PROBLEM TO WORK ON:
Every line below from the one containing "紀文だけのオリジナルのディズ" through the one containing "Een stijlvolle en" must be transcribed exactly. Omit all lines outside that stretch.

GIVEN DATA:
------------------------------------
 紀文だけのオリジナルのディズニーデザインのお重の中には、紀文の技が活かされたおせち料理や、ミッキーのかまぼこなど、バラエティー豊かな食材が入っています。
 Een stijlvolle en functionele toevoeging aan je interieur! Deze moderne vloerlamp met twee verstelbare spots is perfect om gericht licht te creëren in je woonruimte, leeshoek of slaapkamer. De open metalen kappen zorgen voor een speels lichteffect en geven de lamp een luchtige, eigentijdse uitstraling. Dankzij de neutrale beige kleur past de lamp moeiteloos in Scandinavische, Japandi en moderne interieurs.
------------------------------------
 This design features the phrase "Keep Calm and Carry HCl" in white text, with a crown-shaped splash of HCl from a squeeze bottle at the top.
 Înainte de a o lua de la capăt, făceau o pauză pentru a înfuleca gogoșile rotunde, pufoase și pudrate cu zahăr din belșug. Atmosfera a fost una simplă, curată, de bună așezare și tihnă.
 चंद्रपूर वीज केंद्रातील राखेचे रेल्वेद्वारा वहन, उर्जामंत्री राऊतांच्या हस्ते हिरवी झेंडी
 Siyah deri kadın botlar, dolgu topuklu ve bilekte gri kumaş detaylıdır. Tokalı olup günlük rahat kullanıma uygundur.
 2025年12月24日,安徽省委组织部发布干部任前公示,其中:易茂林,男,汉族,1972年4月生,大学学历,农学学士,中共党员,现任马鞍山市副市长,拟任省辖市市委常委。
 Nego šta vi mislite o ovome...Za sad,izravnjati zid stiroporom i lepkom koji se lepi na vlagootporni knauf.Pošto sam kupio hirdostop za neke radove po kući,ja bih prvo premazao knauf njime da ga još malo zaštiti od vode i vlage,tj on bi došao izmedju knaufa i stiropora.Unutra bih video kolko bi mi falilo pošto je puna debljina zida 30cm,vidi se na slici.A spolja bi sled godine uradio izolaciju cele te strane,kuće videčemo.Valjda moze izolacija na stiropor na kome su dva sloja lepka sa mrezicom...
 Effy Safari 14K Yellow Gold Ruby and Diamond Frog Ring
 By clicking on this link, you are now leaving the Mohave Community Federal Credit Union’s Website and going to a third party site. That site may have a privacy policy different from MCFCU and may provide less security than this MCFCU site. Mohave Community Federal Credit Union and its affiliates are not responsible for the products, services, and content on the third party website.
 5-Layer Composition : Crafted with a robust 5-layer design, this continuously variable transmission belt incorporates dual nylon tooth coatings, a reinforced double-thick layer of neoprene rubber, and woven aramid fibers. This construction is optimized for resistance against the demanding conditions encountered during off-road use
------------------------------------
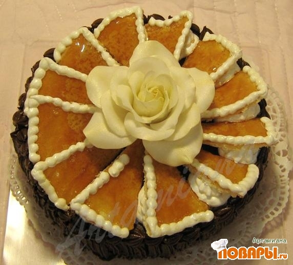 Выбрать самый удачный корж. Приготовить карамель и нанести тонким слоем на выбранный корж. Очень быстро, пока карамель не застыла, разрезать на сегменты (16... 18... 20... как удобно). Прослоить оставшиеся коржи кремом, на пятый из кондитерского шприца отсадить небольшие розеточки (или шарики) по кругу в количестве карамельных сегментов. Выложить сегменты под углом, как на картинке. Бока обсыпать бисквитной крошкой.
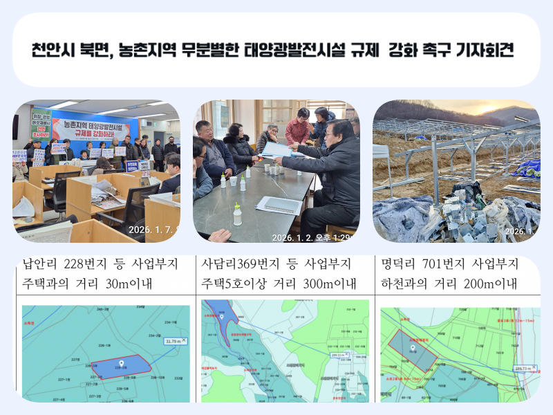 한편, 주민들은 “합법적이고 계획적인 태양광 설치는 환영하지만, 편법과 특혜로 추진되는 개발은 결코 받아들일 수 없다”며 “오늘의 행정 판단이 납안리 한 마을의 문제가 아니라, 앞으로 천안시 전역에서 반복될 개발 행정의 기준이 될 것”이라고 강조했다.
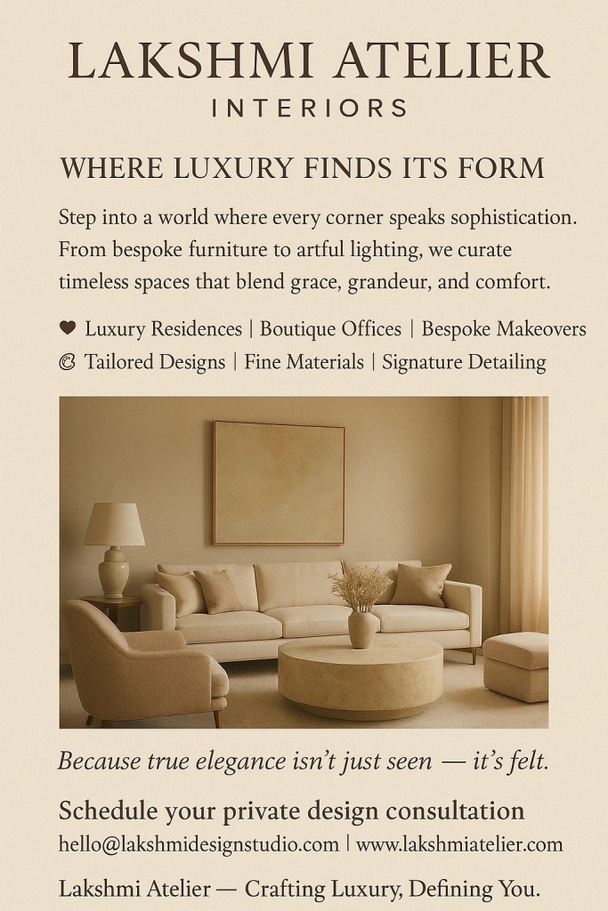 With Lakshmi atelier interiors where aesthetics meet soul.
------------------------------------
YOUR RESPONSE:
 紀文だけのオリジナルのディズニーデザインのお重の中には、紀文の技が活かされたおせち料理や、ミッキーのかまぼこなど、バラエティー豊かな食材が入っています。
 Een stijlvolle en functionele toevoeging aan je interieur! Deze moderne vloerlamp met twee verstelbare spots is perfect om gericht licht te creëren in je woonruimte, leeshoek of slaapkamer. De open metalen kappen zorgen voor een speels lichteffect en geven de lamp een luchtige, eigentijdse uitstraling. Dankzij de neutrale beige kleur past de lamp moeiteloos in Scandinavische, Japandi en moderne interieurs.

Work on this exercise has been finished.